INTRODUCTION

On August 16, 2012, the U.S. Court of Appeals for the Federal Circuit decided Ass'n for Molecular Pathology v. Myriad Genetics, Inc., No. 2010-1406, on remand from the Supreme Court to consider the impact of Mayo Collaborative Services v. Prometheus, Inc., 566 U.S. ___, 132 S. Ct. 1289 (2012). As explained below, the Federal Circuit's ruling largely aligns with the same panel's previously vacated July 29, 2011 decision.

On the threshold issue of jurisdiction, the Court reaffirmed the district court's decision to exercise declaratory judgment jurisdiction because at least one Plaintiff had an intention to actually and immediately engage in allegedly infringing activities.

On the merits, the Court once again held— albeit in a fractured analysis —that Myriad's composition claims directed to "isolated" DNA molecules, whether limited to cDNAs or not, are patent-eligible subject matter under 35 U.S.C. § 101. Thus, the Court reversed the district court's grant of summary judgment of invalidity under § 101. The Court also reversed the district court's conclusion that Myriad's claimed method of screening potential cancer therapeutics is not patent-eligible subject matter because that method involves the creation of "transformed" host cells. The Court, however, affirmed the district court's decision that Myriad's method claims directed to "comparing" and "analyzing" DNA sequences are patent ineligible because similar claims were held to be unpatentable in Mayo.

BACKGROUND

Plaintiffs sought a declaration that fifteen claims from seven patents assigned to Myriad are drawn to patent-ineligible subject matter under 35 U.S.C. § 101. Three categories of claims were considered: (1) composition claims directed to "isolated" human BRCA genes and mutations in those genes that correlate with a predisposition to breast and ovarian cancers; (2) method claims directed to "analyzing" or "comparing" a patient's BRCA sequence with the normal sequence to identify the presence of cancer-predisposing mutations; and (3) a method claim to "screening" potential cancer therapeutics by growing cells, detecting the rate of growth, and comparing rates of cell growth in the presence or absence of a potential cancer therapeutic.

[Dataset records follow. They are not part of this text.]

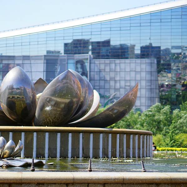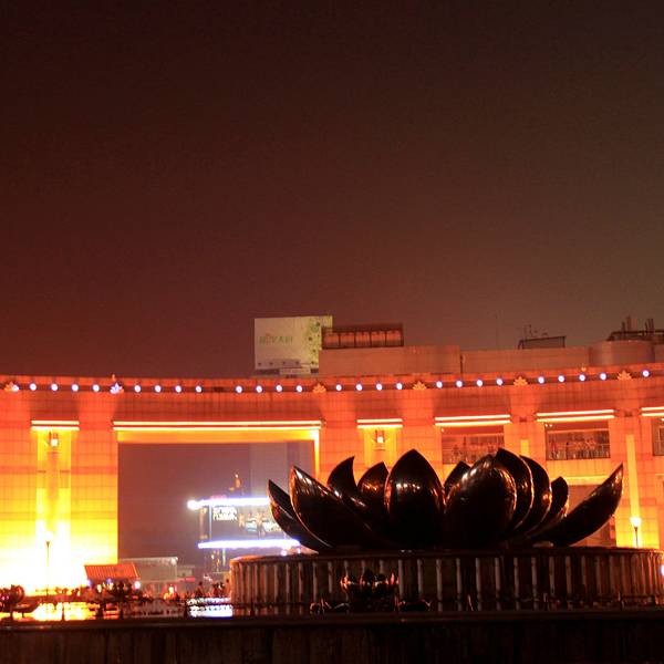 泉城广场位于山东省会济南,毗邻护城河,西连趵突泉、五龙潭公园,东接黑虎泉,距离北边的大明湖不过1公里,地理位置可以说相当好,小伙伴们出游的会合地点往往选在这里。泉城广场周边的大型购物商场、饭店也很多,可以说来这既能旅游,也能购物,还能吃美食。泉城是济南的别名,整个广场的设计紧扣“泉”这一主题,南北两侧是狭长的绿化带,正中间坐落着泉标,蓝色高耸的钢制雕塑和中间的铁珠构成了篆书“泉”字的造型,你可以合影留念。东端的山东省科技馆适合带小孩的游客一游,孩子在里面能学到很多科普知识。广场上常能看见在此休闲娱乐的当地市民,喂鸽子、放风筝、溜旱冰,到了傍晚市民更多,愈发热闹。泉城广场东部的荷花音乐喷泉中间是荷花雕像,绕着荷花的喷泉会变幻不同的造型,每场喷泉约30分钟。晚上的喷泉特别好看,灯光不停变幻,适合拍夜景,夏夜又是纳凉的好去处。喷泉东部圆弧形的文化长廊可以登顶,有很好的视野,能拍摄喷泉和泉城广场的全景。沿着北边紧贴广场的护城河散散步也是不错的选择,东端还有泉城广场游船站,可以坐游船欣赏护城河风光。护城河游船共设10站:黑虎泉站、泉城广场站、趵突泉站、五龙潭站、大明湖西南门站、大明湖稼轩祠站、司家码头站、超然楼站、知春桥站、青龙桥站,每人每站次10元,全程100元。泉城广场地下有银座购物广场,有麦当劳、85度C、nike、adidas等等,入口就在蓝色泉标的东侧。若往北走200多米到与广场平行的泉城路上,街两侧有贵和商厦、恒隆广场、泰府广场等大商场。泉城路的岔路芙蓉街上则是琳琅满目的美食店,无论想吃小吃还是正餐,都能在这得到满足。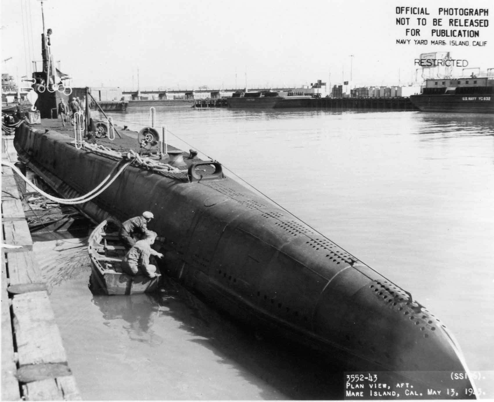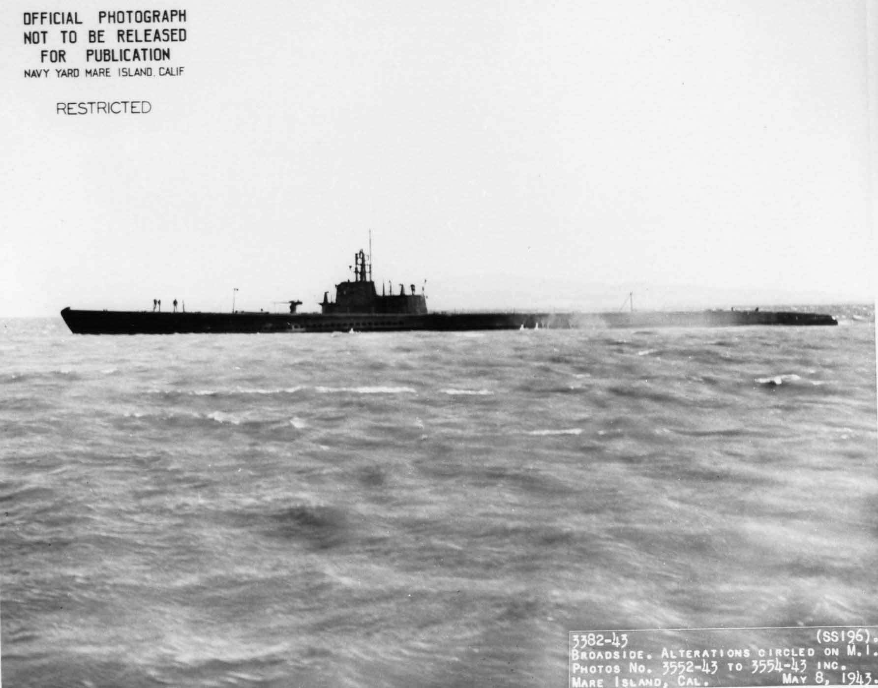 112k | Broadside view of Searaven (SS-196) off Mare Island on 8 May 1943. She was in overhaul at the yard from 19 February to 18 May 1943. | USN photo # 3382-43, courtesy of Darryl L. Baker. | |
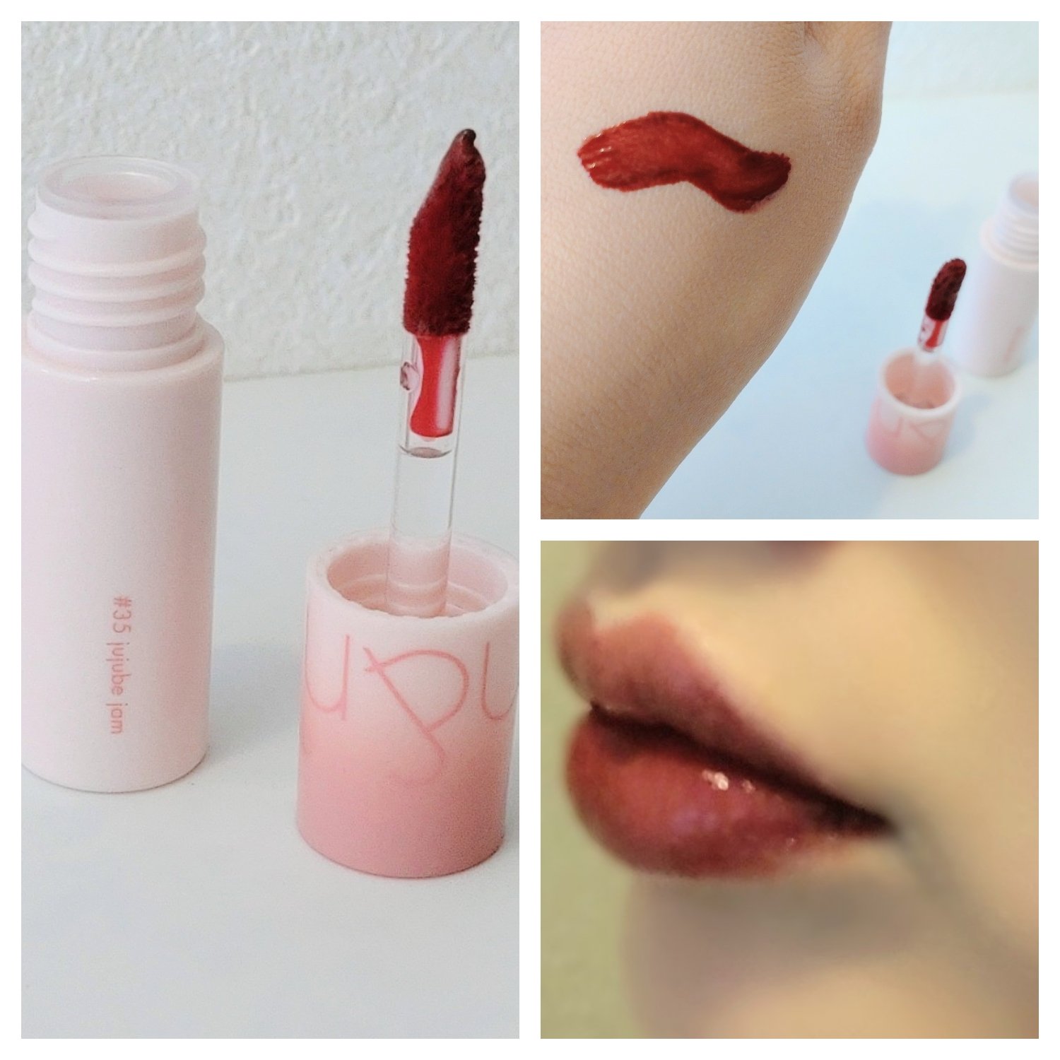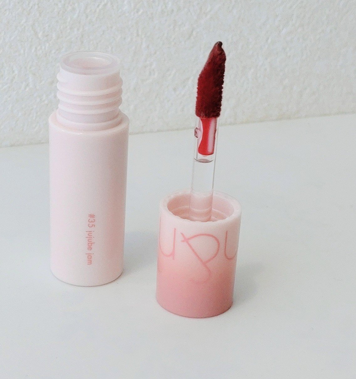 ロムアンドが初めて完全日本向けに開発した日本限定の【ブルームインカバーフィットクッション】と【ジューシーラスティングティント】の日本限定カラーが可愛いミニサイズになって登場したよ!! 既存タイプと比べても小さい!パフも小さくて可愛すぎる😍 ジューシーラスティングティントは日本限定カラーの 35 ジュジュブジャム!!レッドブラウンでエレガンスなカラー!落ち着いてるカラーだけど、存在感もしっかりあるカラーで秋冬っぽさもあって可愛い❤️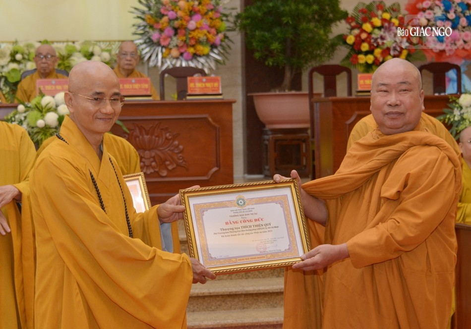 Thay mặt Ban Tổ chức, Thượng tọa Thích Thiện Quý, Phó Thường trực Ban Hoằng pháp phát biểu cảm tạ, kết thúc hội nghị.
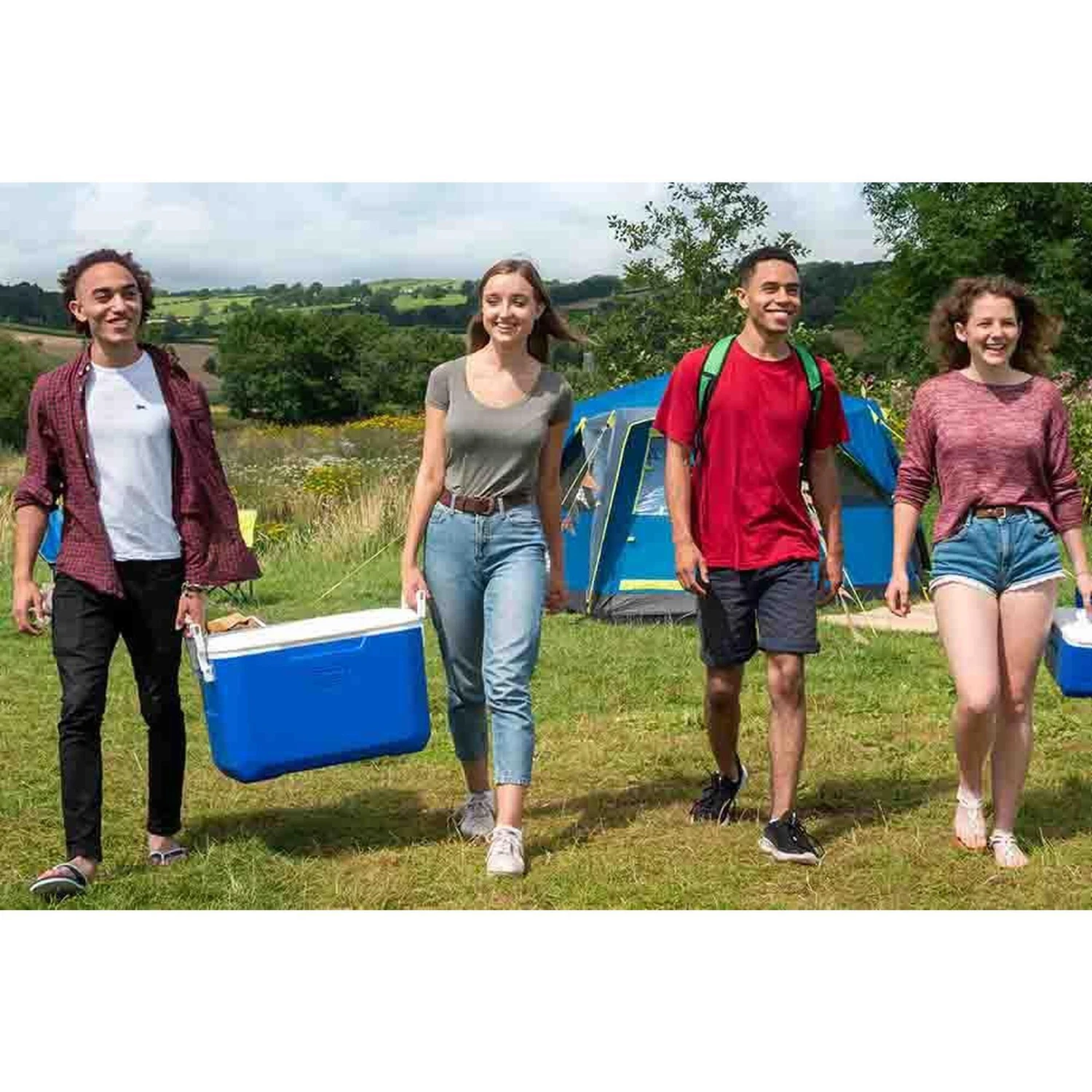 The Peformance 6 Personal Cooler is always a trusted standby. The Coleman®-quality insulation will give you great cooling performance for your camping trip, family picnic, BBQ or outdoor event. Features and Specifications: A generous 4.7 litre capacity allows you to store up to 6 0.33Litre cans Robust casing and sturdy lid makes this cooler perfect for long road trips and camping Versatile reversible FlipLid top can also be used as a serving tray with engraved beverage holders for your peace of mind Safety locking system ensures that the inner contents of the cooler stay secure during transportation Ice retention of up to 9 hours keeps your food and beverages cold for up to 9 hours Capacity: 4.7 Litres Total weight: 0.8 Kg Color: Blue Inner product dimensions: 22 x 16 x 13 cm Outer product dimensions: 27 x 20 x 18 cm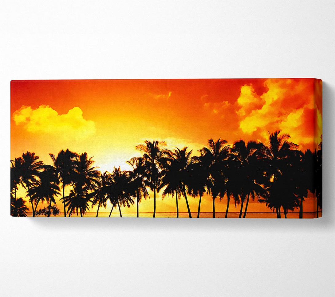 Orange Palm Tree Sunset canvas, printed on coated polyester canvas. Mounted on to a 44mm box frame, ready to hang.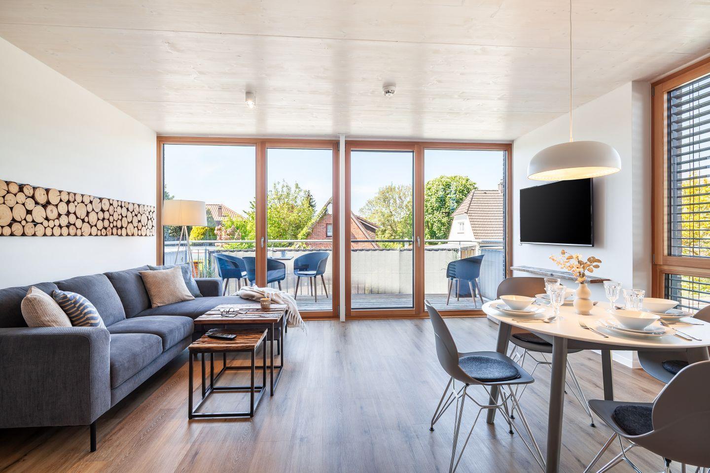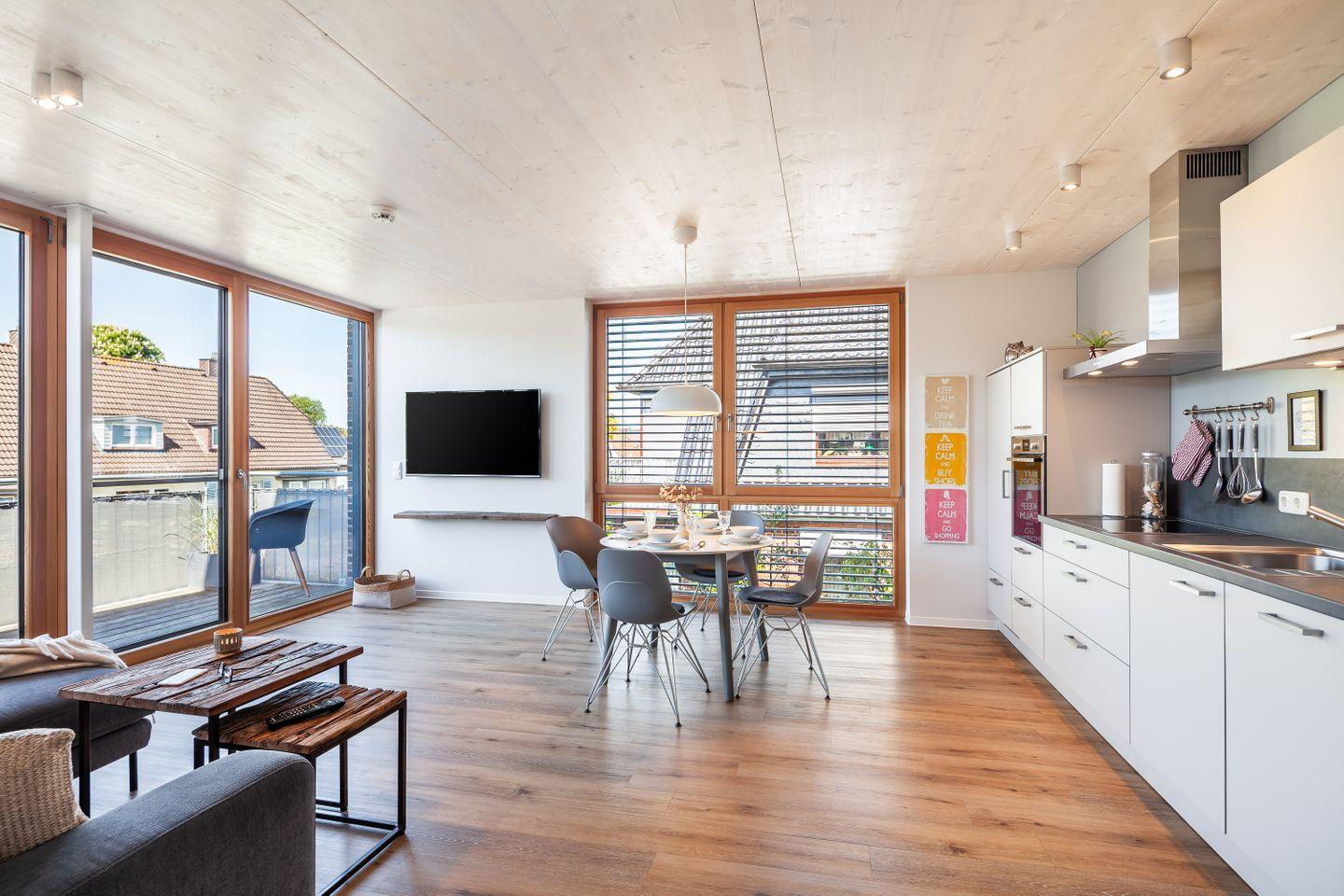 Im Architektenhaus Best Büsum wohnen Sie in der Wohnung Flut komfortabel komfortabel mit viel Platz – nah am Binnen-Deich, zentral und nur wenige Minuten zu Hafen, Bahnhof, Einkauf und Stadtzentrum.

On March 29, 2010, Judge Robert W. Sweet of the United States District Court for the Southern District of New York issued a summary judgment opinion invalidating all of these claims under 35 U.S.C. § 101. See Ass'n for Molecular Pathology v. U.S. Patent & Trademark Office, 702 F. Supp. 2d 181 (S.D.N.Y. 2010). Before reaching the § 101 issue, the district court held that Article III standing existed under the Supreme Court's "all the circumstances" test, MedImmune, Inc. v. Genentech, Inc., 549 U.S. 118, 127 (2007), because the Plaintiffs, who included several doctors and scientists, were ready and able to perform clinical BRCA testing, but prevented from doing so. Id. at 390-91.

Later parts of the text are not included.